Data for this exercise
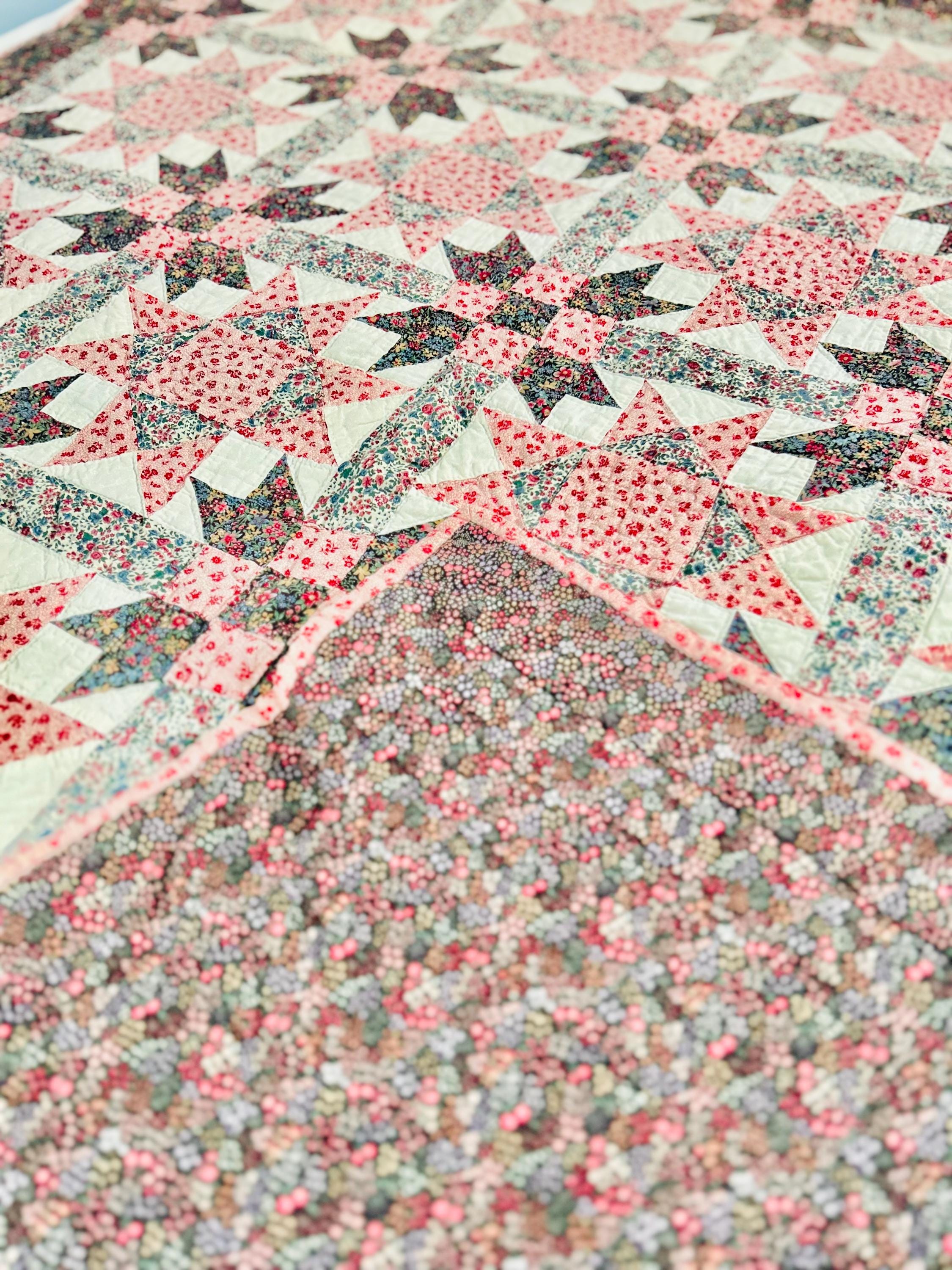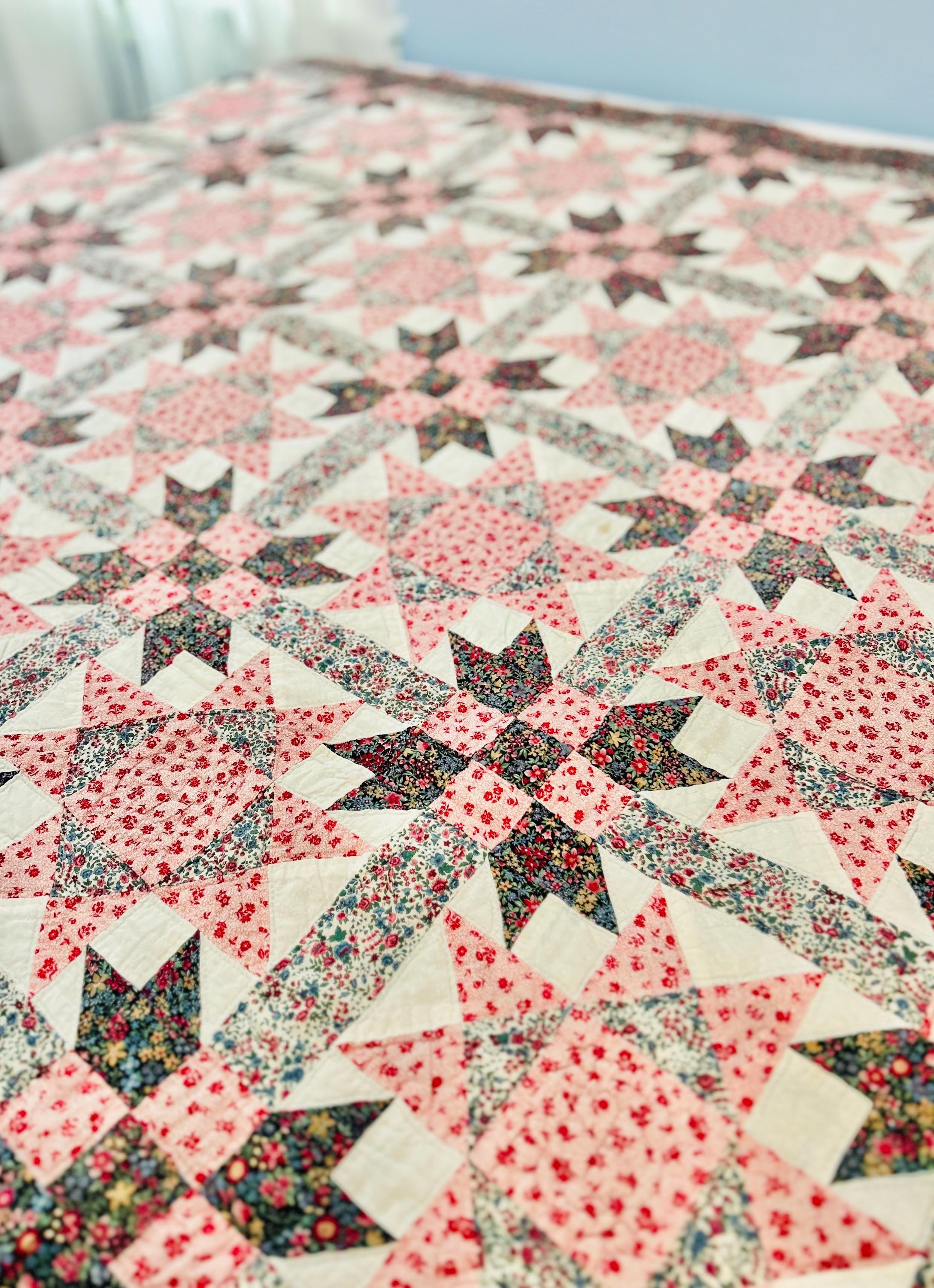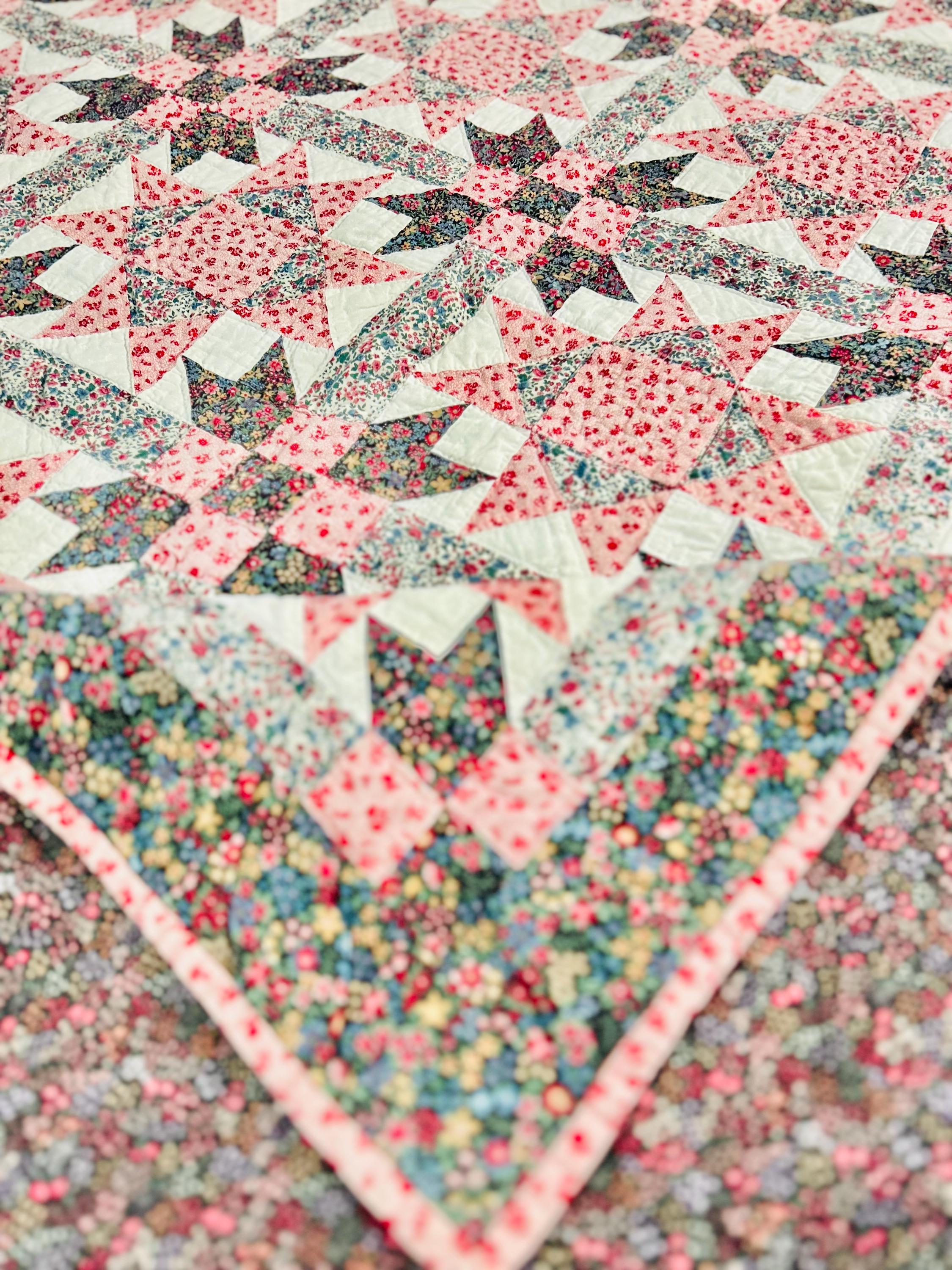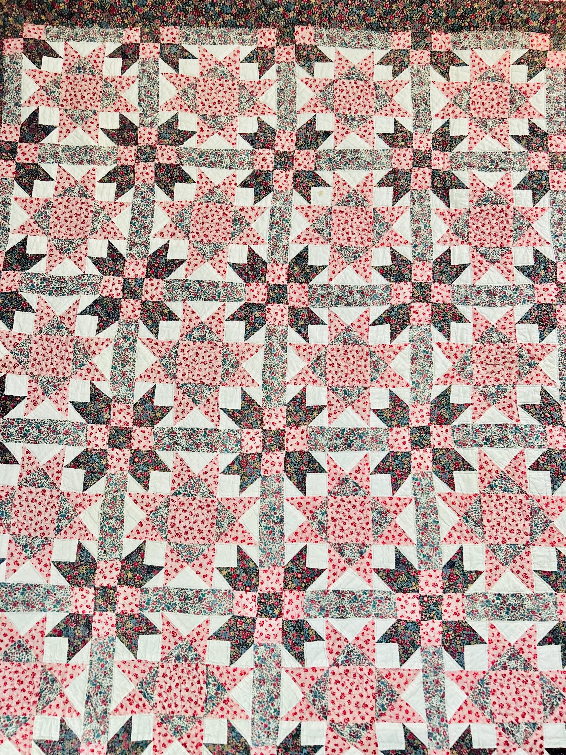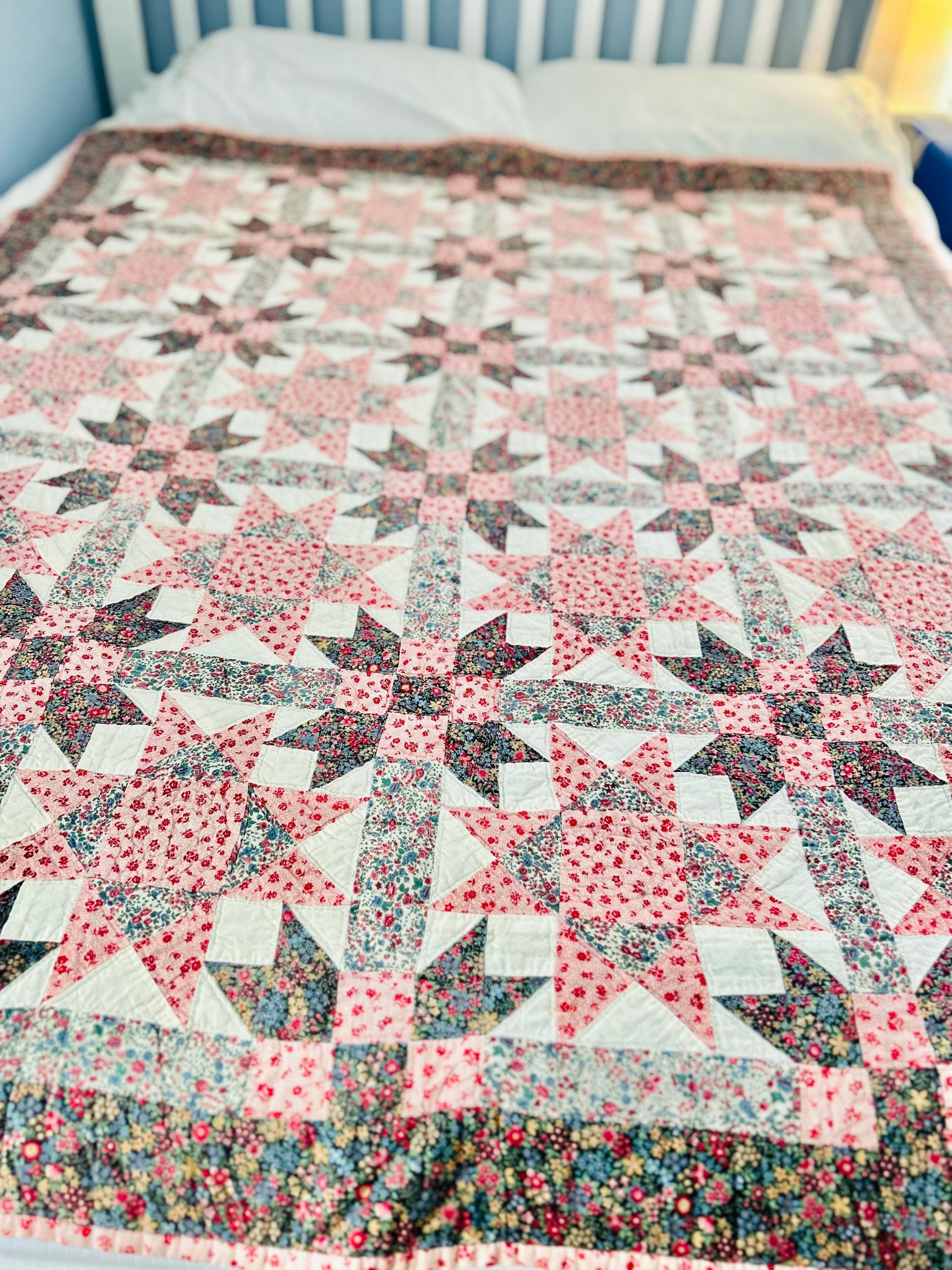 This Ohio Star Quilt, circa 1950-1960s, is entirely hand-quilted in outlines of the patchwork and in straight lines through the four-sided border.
==
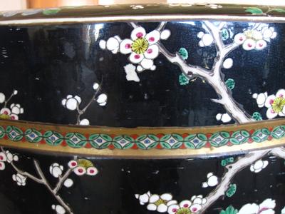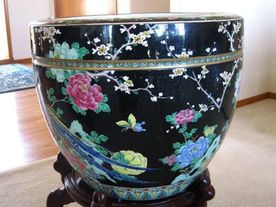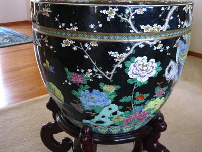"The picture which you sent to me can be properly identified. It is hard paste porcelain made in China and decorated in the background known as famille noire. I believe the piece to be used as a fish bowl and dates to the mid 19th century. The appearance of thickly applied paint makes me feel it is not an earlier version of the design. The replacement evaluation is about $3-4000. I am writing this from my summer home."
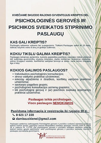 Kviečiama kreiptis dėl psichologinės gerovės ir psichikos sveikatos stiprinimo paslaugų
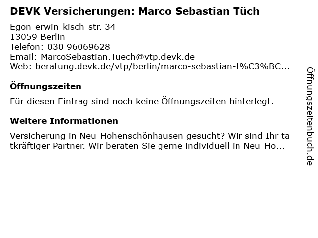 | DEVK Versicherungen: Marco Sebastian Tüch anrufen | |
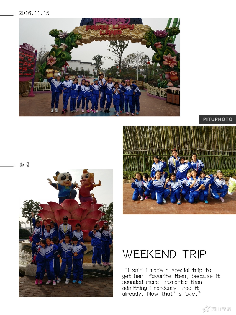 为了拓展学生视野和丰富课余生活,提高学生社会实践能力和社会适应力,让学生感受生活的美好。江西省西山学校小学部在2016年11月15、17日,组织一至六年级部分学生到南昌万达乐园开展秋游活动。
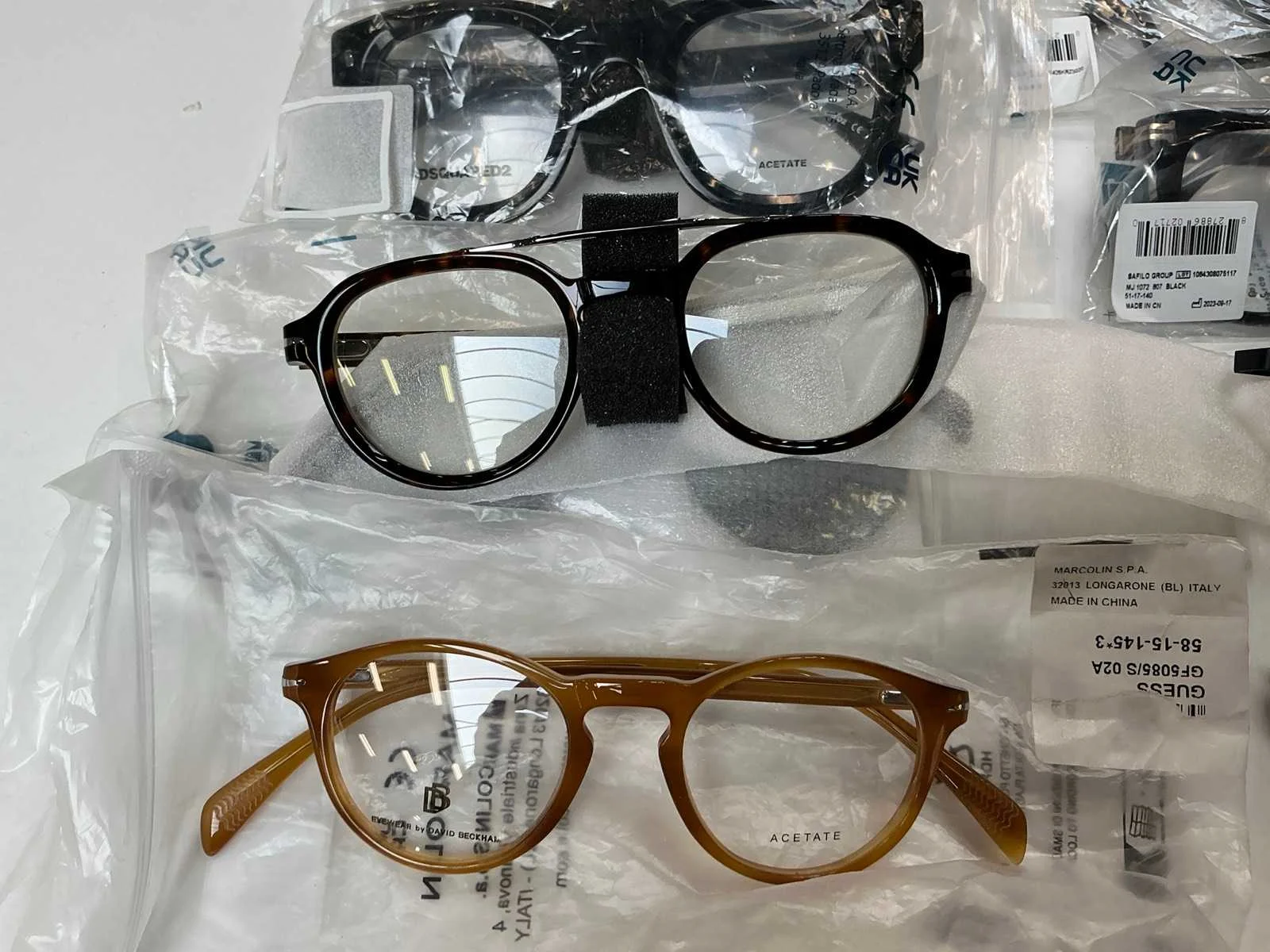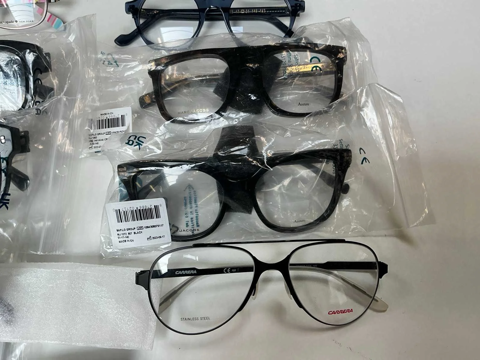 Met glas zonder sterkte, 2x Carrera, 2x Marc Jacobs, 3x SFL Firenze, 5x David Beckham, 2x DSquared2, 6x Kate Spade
* * *
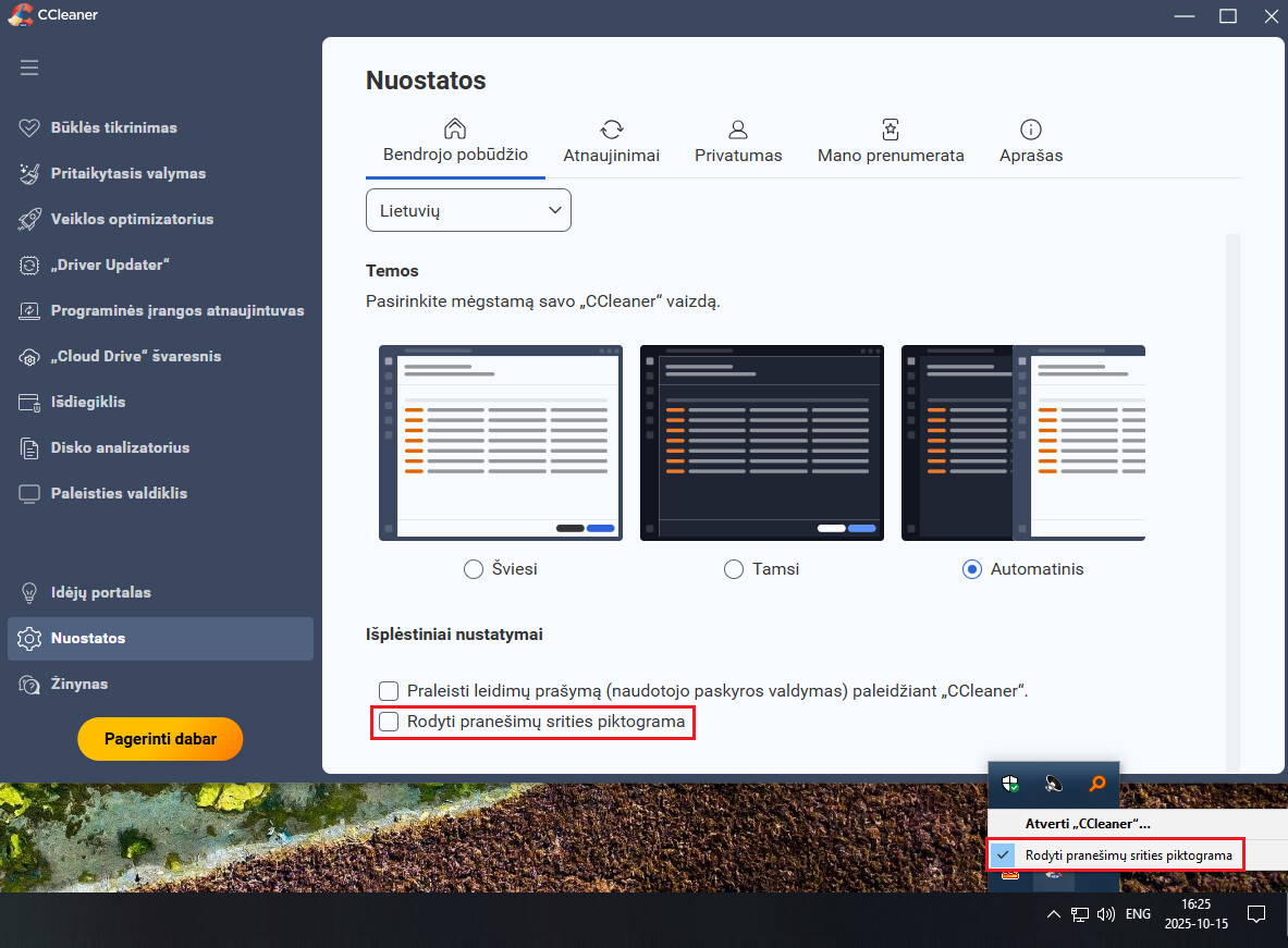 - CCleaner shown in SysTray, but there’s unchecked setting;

Work required
Using the records above, print exactly the lines between the ones containing "Kviečiama kreiptis dėl" and "Met glas zonder", inclusive, and nothing else; no pictures.

Task solution
 Kviečiama kreiptis dėl psichologinės gerovės ir psichikos sveikatos stiprinimo paslaugų
 | DEVK Versicherungen: Marco Sebastian Tüch anrufen | |
 为了拓展学生视野和丰富课余生活,提高学生社会实践能力和社会适应力,让学生感受生活的美好。江西省西山学校小学部在2016年11月15、17日,组织一至六年级部分学生到南昌万达乐园开展秋游活动。
 Met glas zonder sterkte, 2x Carrera, 2x Marc Jacobs, 3x SFL Firenze, 5x David Beckham, 2x DSquared2, 6x Kate Spade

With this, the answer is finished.